It seems you're asking for the form of an equation for a vector subtraction or addition in 2D, where $\vec{v}$ is represented as the difference or sum of two 2D vectors.

If you have two vectors:

$\vec{A} = (A_1, A_2) \quad \text{and} \quad \vec{B} = (B_1, B_2)$

The vector equation in the form of $\vec{v} = ((?), (?)) ∓ ((?), (?))$ can be written as:

$\vec{v} = (A_1, A_2) \mp (B_1, B_2)$

For addition: $\vec{v} = (A_1 + B_1, A_2 + B_2)$

For subtraction: $\vec{v} = (A_1 - B_1, A_2 - B_2)$

If you'd like to work with specific values or further details on vector operations, please feel free to share those!

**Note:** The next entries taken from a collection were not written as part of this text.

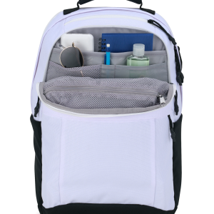 The pack that’s geared-up for all destinations. Travel with ultimate comfort. featuring cushiony-ergonomic shoulder straps. and extra-soft back panel. Organize effortlessly with front gear compartment. stash pocket. padded laptop sleeve. and two H2O pockets. Luggage attachment. and padded top grab handle in case you need to modify how you carry.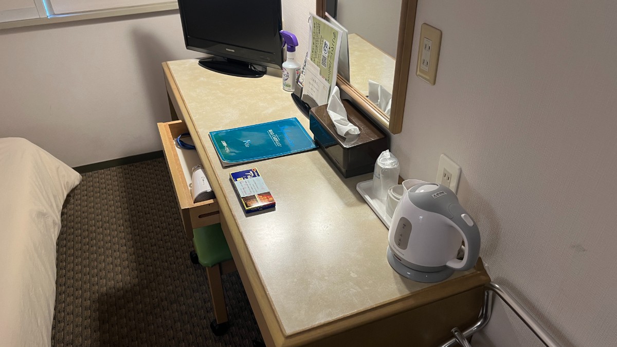 - 机は十分スペースがあり作業しやすい。コンセントも机側にあるので充電しやすい。ベッドにはコンセントがない。ベットで充電したい場合は延長コード持参が吉。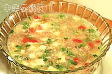调料:植物油50克, 大葱3克,盐3克,胡椒粉1克、 豌豆淀粉35克、、素高汤粉适量(或用蘑菇精代)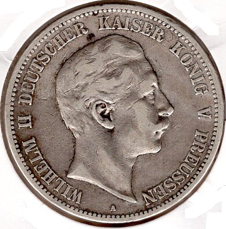 5 Mark Prussia 1894 Wilhelm II Silver Coin Catalog Number: Jäger 104 Material: Silver Weight: 27.85 g Fineness: 900‰ (Fine weight 25.07 g) Diameter: 38.00 mm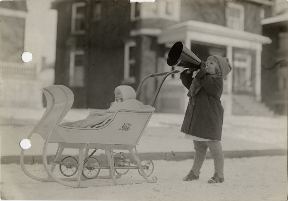 Favorite this☆ Charles A. Hughes' children Description: View of girl holding megaphone, standing next to baby in sleigh. Handwritten on back: "Biography--Unidentified. Chas. A. Hughes' children." Details Resource ID: na004494 Subject: Girls Megaphones Infants Sleighs Photographic prints Date Issued: Unknown year Format: 1 photographic print ; 4.5 x 6.5 in. Member of: National Automotive History Collection Lazarnick Collection Filing Location: Biography--Unidentified #9 Rights: Physical rights are retained by DPL. Copyright is retained in accordance with U.S. copyright laws.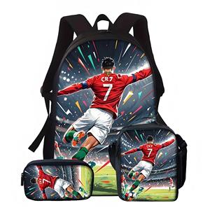 新しいクロスボーダーサッカー選手ロナウドプリントバックパックスリーピース食事バッグ鉛筆バッグ学生大容量スクールバッグ
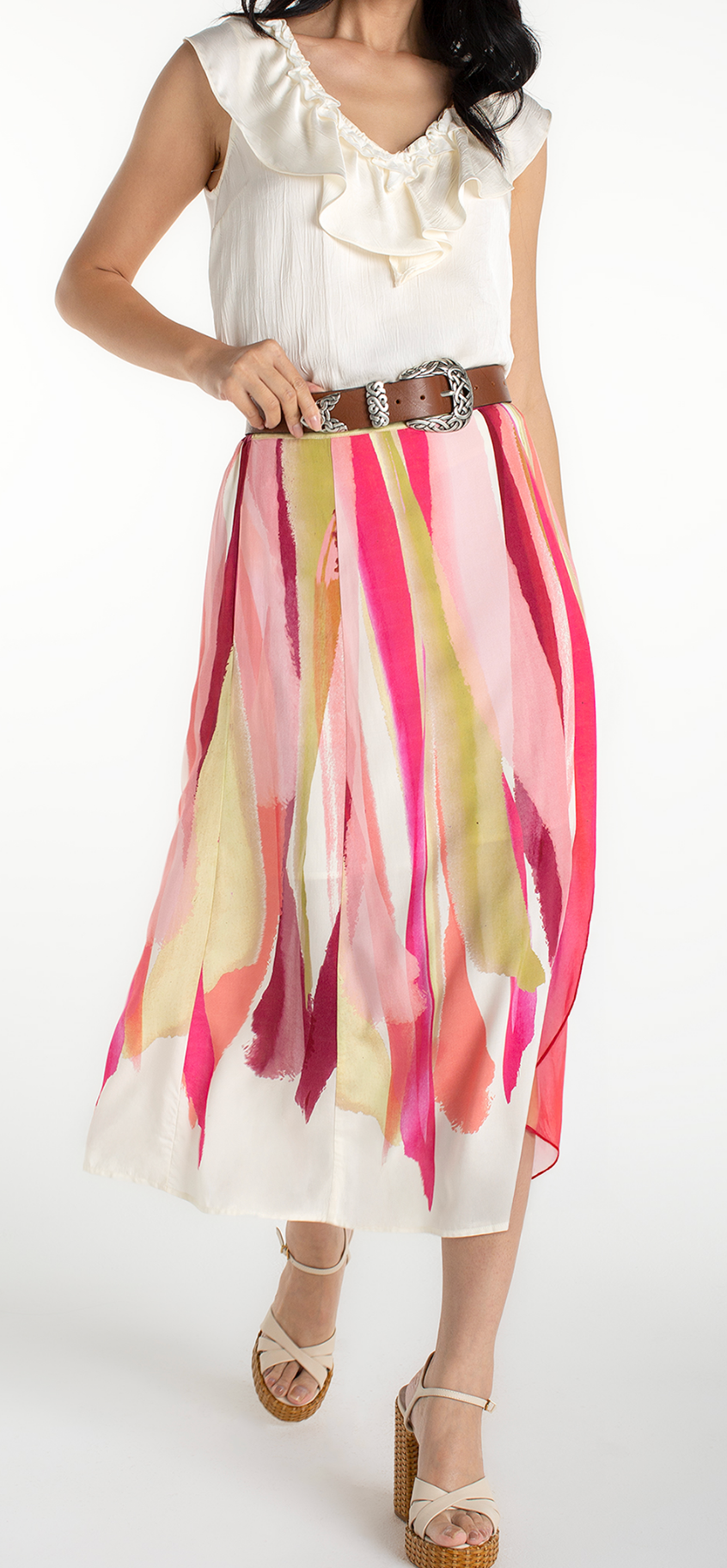 Add a burst of color and effortless elegance to any outfit with this pull-on woven maxi skirt in pink multi. Designed with a flattering A-line silhouette, this skirt flows beautifully with every step. The vibrant brushstroke-inspired print blends shades of pink, coral, and citrus for a fresh, artistic look that stands out in any season.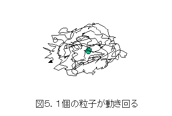 今度は、図5で、粒子の位置の時間平均を出すことを考えましょう。これは、単位時間ごとの位置を測定して足し合わせ、それをかかった時間で割ったものとして出せます(実際には、積分を使って出します)。もちろん、図5は解かりやすくするため2次元的に書いていますが、1次元的に粒子がひょこひょこと動き回っているとしても差し支えありません。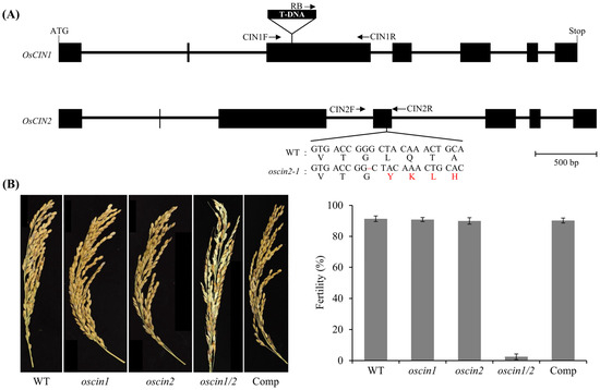 To determine whether the double mutation of OsCIN1 and OsCIN2 was responsible for the male sterility phenotype, we introduced OsCIN1 cDNA under the control of the CaMV 35S promoter (p35S) into japonica rice cv. Dongjin via Agrobacterium-mediated transformation. After selecting three transgenic plants overexpressing OsCIN1, they were crossed with oscin1/2 double mutants. Progeny from the F1 plants were obtained, and those with the oscin1/oscin2/p35S:OsCIN1 genotype were identified using genomic DNA PCR for OsCIN1 and sequencing for OsCIN2. Finally, OsCIN1 cDNA-carrying oscin1/2 double-homozygous plants were selected and designated as Comp lines. The genotypes of and OsCIN1 expression levels in the Comp plants were confirmed (Figure S2). Among the lines, Comp #2, which had the highest expression of the introduced OsCIN1 transgene, was chosen for further analysis. The seed-setting rate of the Comp #2 line was comparable to the setting rates of WT, oscin1, and oscin2 (Figure 2B), suggesting that the overexpression of OsCIN1 can rescue seed fertility in oscin1/2.
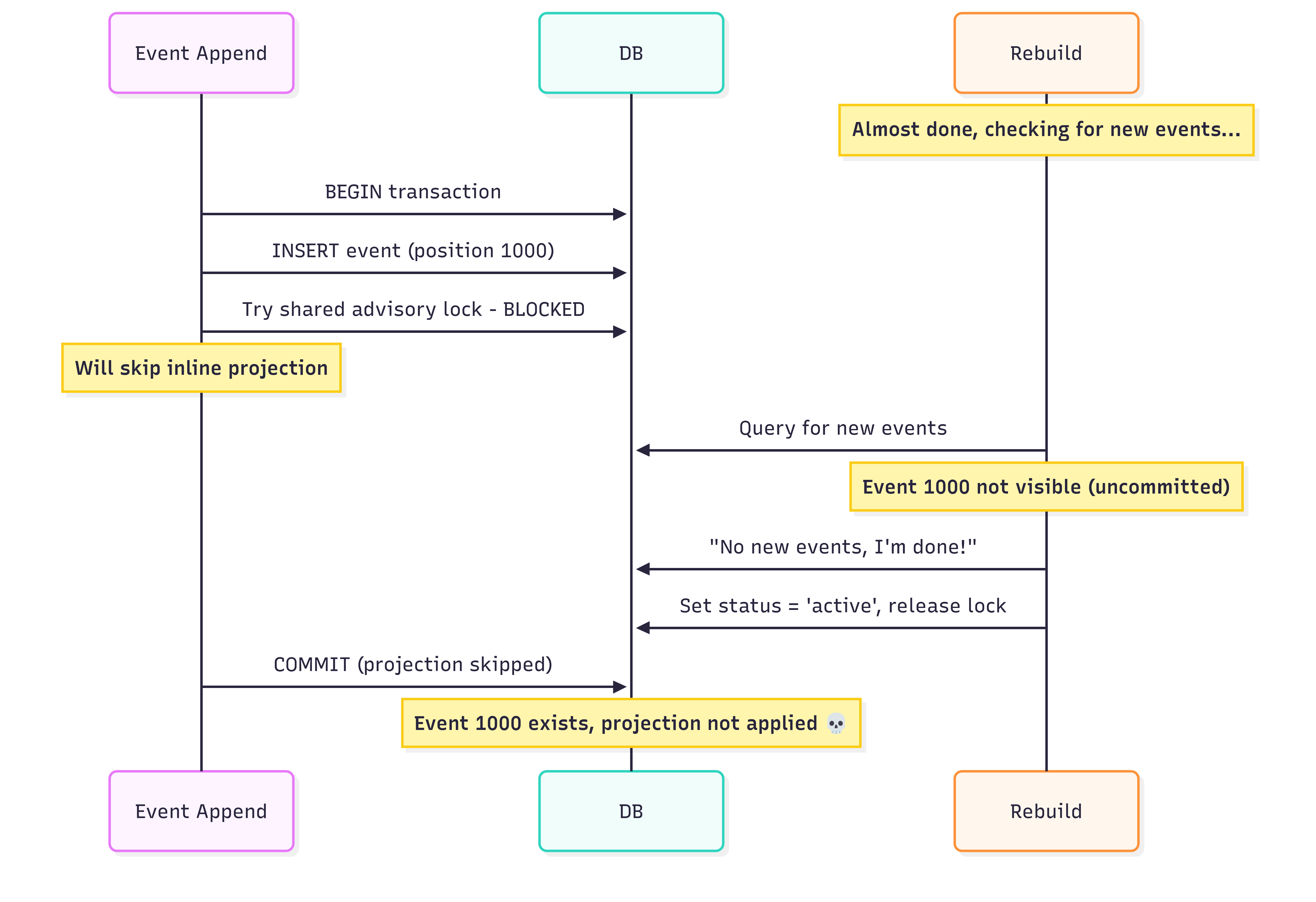 The rebuild process checks for new events, sees none (because event 1000 is still in an uncommitted transaction), declares victory, and sets the projection to active. Meanwhile, the append transaction has already decided to skip the inline projection. When it finally commits, the event exists but was never projected. The rebuild process is done, and only new events will update the projection during the next update to the new event append.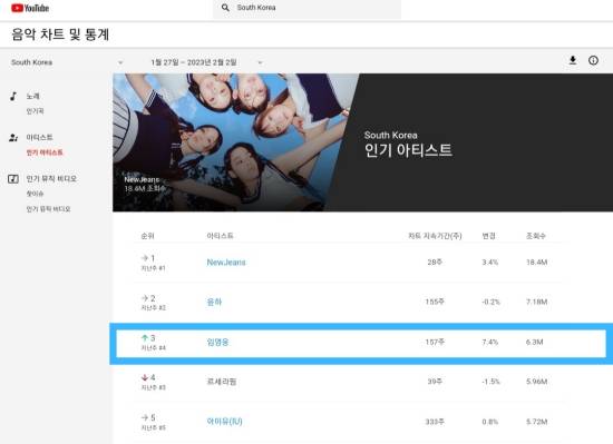 1월 27일 – 2월 2일 한국 유튜브 뮤직 차트에 따르면, 임영웅은 주간 인기 아티스트 차트서 전체 3위를 차지했다.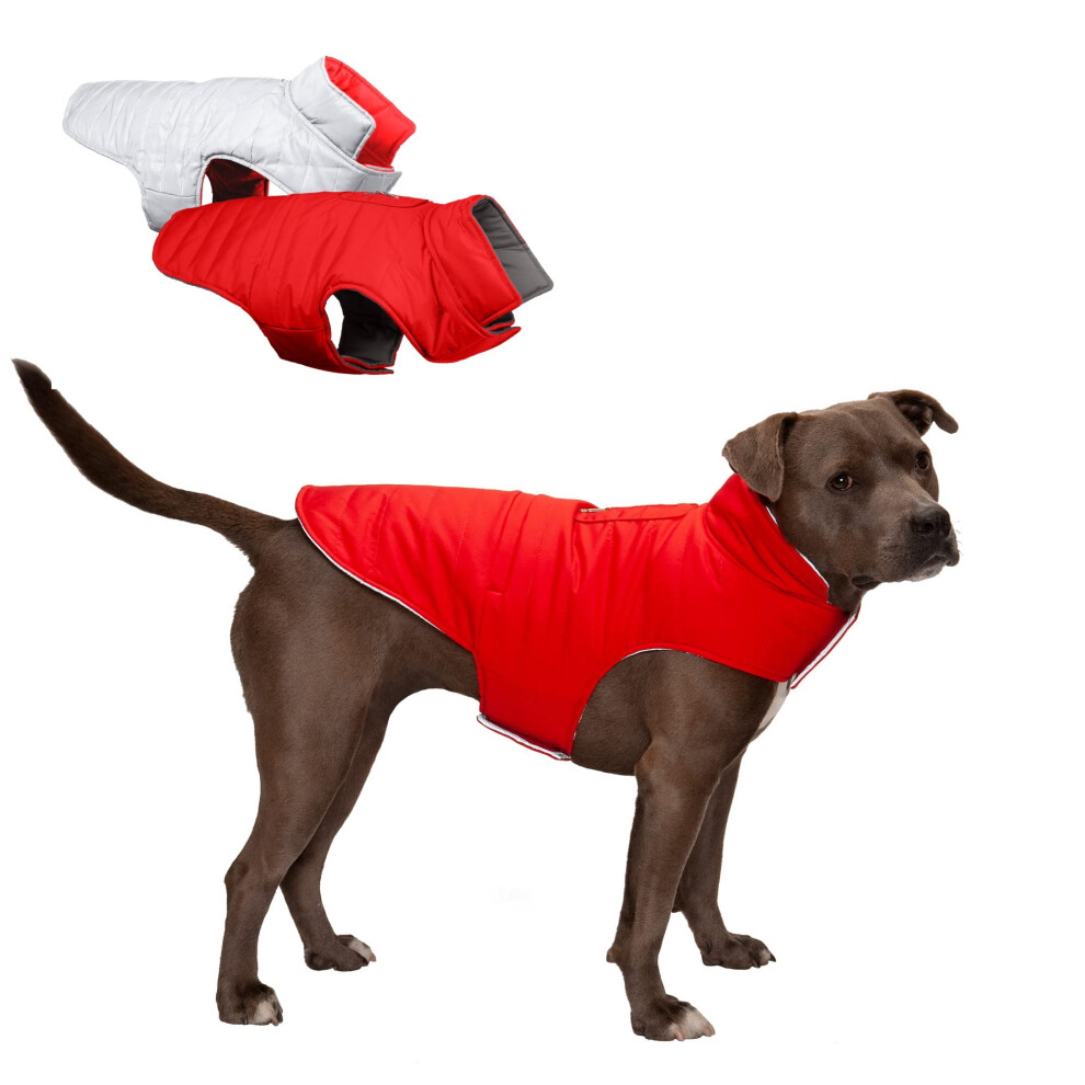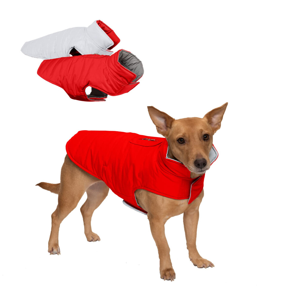 Furhaven Small Dog Coat Water-Repellent Reversible Reflective Puffer Jacket, Washable - Red, Small

Do you have a specific vector pair or operation you'd like to solve?

Related Questions:

1. What is the geometric interpretation of vector addition and subtraction?
2. How do you find the magnitude of a vector $\vec{v} = (x, y)$?
3. What is the dot product between two vectors $\vec{A}$ and $\vec{B}$?
4. How do you calculate the angle between two vectors?
5. How can you use vectors to find a unit vector?

Tip: Always visualize vector addition/subtraction geometrically as arrows, using the "tip-to-tail" method.